But of course there’s no way to be sure: as Graham said, everything that can be tried will be tried, and ‘sensible restraint’ will only spread if and when that’s a strategy that does well against all competitors.
In reality what happens in 20 years, much less a million, billion, or trillion, is extremely unpredictable. My only reason for thinking about the far future is that it’s interesting and it gives me a way to locate my life in a context that eases the pain of mortality.
I don’t find my predictions depressing, perhaps because I am used to them. Or maybe I’m a short-termist. After the first billion years it all seems a bit unreal to me. And can life ever rival black holes as a destroyer of resources? Perhaps it should try!

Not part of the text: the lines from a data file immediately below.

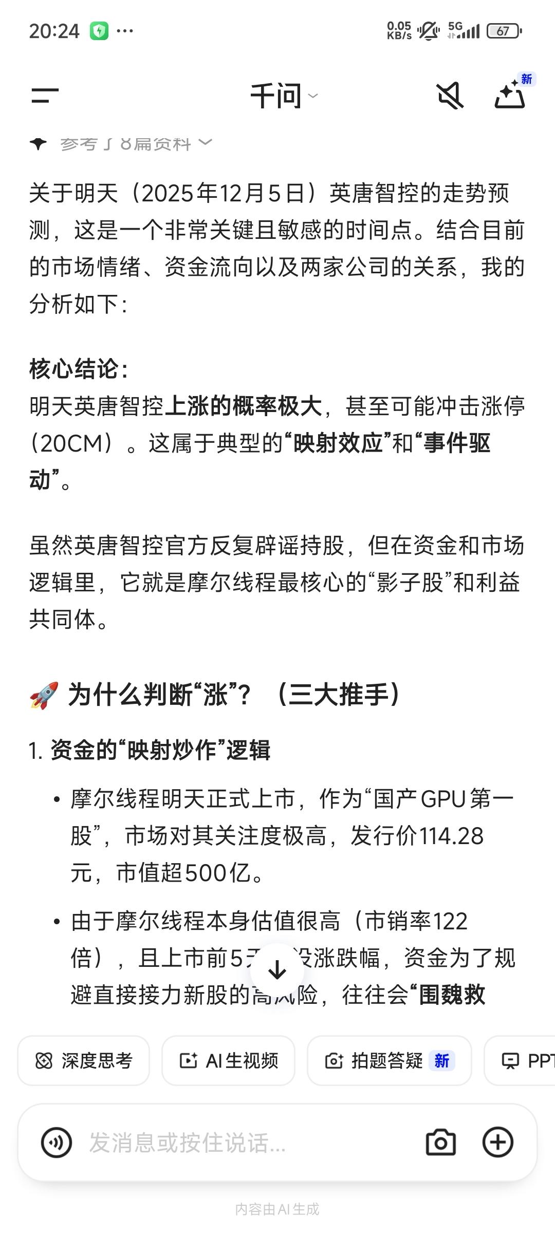 $英唐智控(SZ300131)$ 哇!千问说你明天20厘米涨停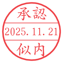 オプションの「電子透かし」をチェックし[生成]すると、見た目には分からないように、UNIXタイムスタンプを識別情報としてPNG形式の日付印に埋め込みます。 日付スタンプメーカーの使い方「部署」「名前」は最大8文字まで入力が可能です。「スタンプの色」を選択し、[生成]ボタン押下で印影画像が更新され、背景を透明に設定したPNG形式とPDF形式の印影画像がリンクからダウンロードできます。 オプションの「電子透かし」は、その性格上日付印ととても相性の良い付加サービスです。 別ページの「タイムスタンプと電子透かし」でも詳しく解説しますが、このオプションを追加することで、日付印が生成された日時に確かにその印が存在していることが証明されます。 ![]() 似内さんの電子印鑑が作れます。社内でのデータ書類閲覧確認用など、認印的な使い方のできる電子印鑑が作れます。 ![]() 古代文字で落款印が作れます。「落款スタンプメーカー」で作品を引き立たせる落款印が作れます。
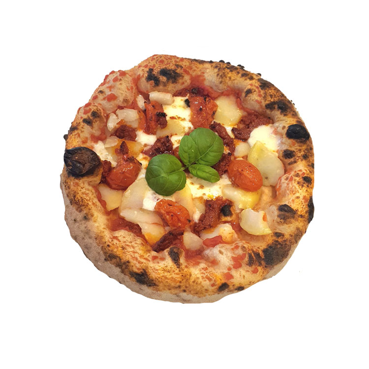 paradicsomszósz, mozzarella, főttkrumpli, Enduja kolbász, bazsalikomfokhagymás sűlt koktélparadicsom
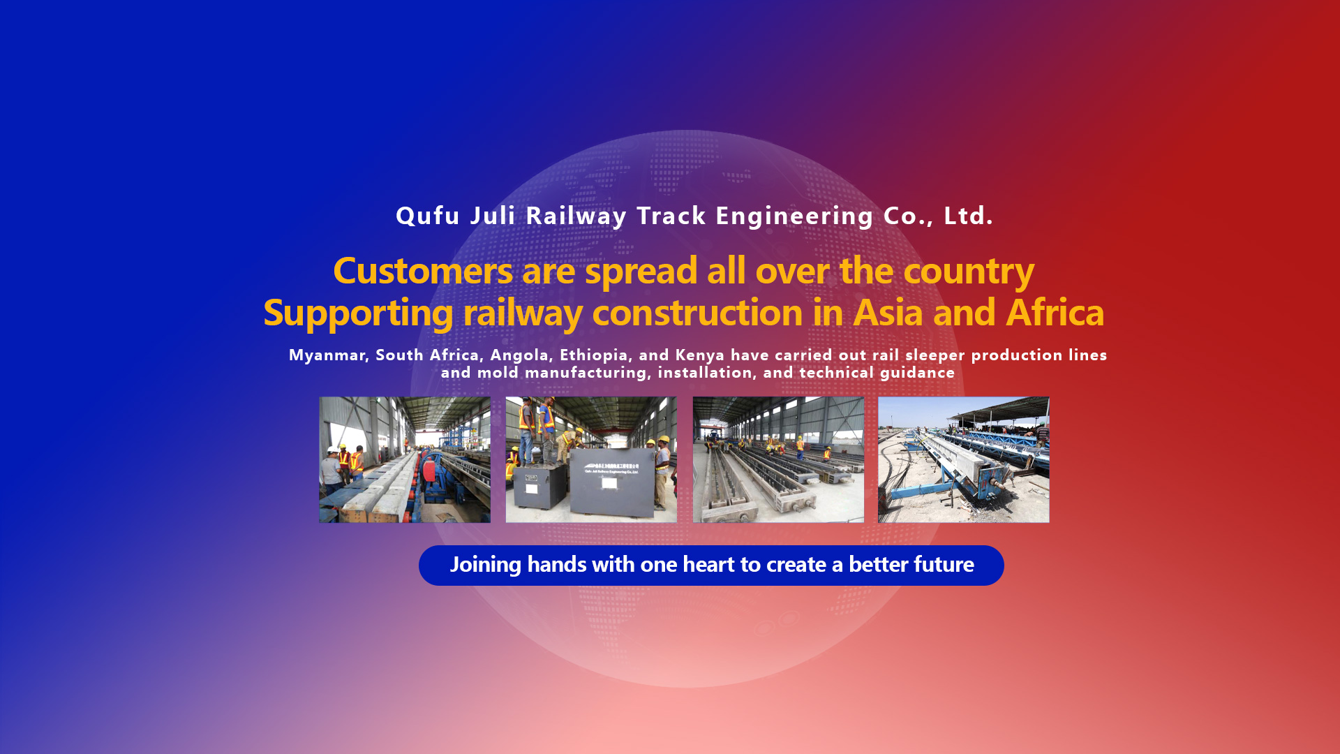 Qufu Juli Railway Track Engineering Co., Ltd. was founded in 2001 and is located at the southern end of Chuangye Avenue in Taiwan Industrial Park, eastern Qufu. Located to the east of the Beijing Shanghai high-speed railway, to the south of the Ridong expressway, to the west of the Jingfu expressway, and to the north of the intersection of National Highways 104 and 327, it enjoys a prime geographical location. The factory covers an area of over 200 acres, with a building area of over 30000 square meters and 350 sets of various mechanical and power equipment.……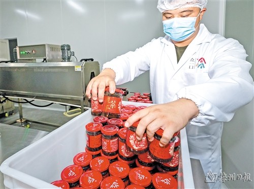 在叶塘镇汤湖村的一个车间内,空气中弥漫着独特芳香,一棵棵芥菜经清洗、修整、烫漂、晾晒、深加工,在生产线上“变”成一瓶瓶玻璃瓶装的酱菜(如下图,连志城摄)。为推动乡村振兴,叶塘镇把传统特色漉菜作为带动群众增收的主导产业之一,依托省级农业龙头企业兴宁市叶南渔村农产品开发有限公司,成立众一口食品科技(梅州)有限公司,借鉴酱菜先进地区做法,与广州工商学院、兴宁技校等开展校企合作,研发制作开瓶即食、易于保存的深加工食品,提升传统漉菜的文化价值和经济价值,打造叶塘独具特色的富民产业。

I think that, more likely than not, there is nothing out there in the whole Virgo Supercluster that you could have a conversation with right now. And that seems very sad and lonely, as well as a terrible waste of starlight (or stars). I prefer to imagine it colonised, even by organisms which are “overpaid, overfed, oversexed and over here”. I do not think that evolution simply selects for profligacy, its more complex than that. Better to say it selects for a very wide range of frugal to profligate lifestyles. I think there’ll be lots of niches for those who want a quiet life. But a mixture of frugal and profligate looks profligate overall, and that’s what we’ll see first.
arch1 asked (I’m paraphrasing): “doesn’t your argument imply that expansion start-points (SPs) are extremely rare (say, <1 per visible-universe volume)?"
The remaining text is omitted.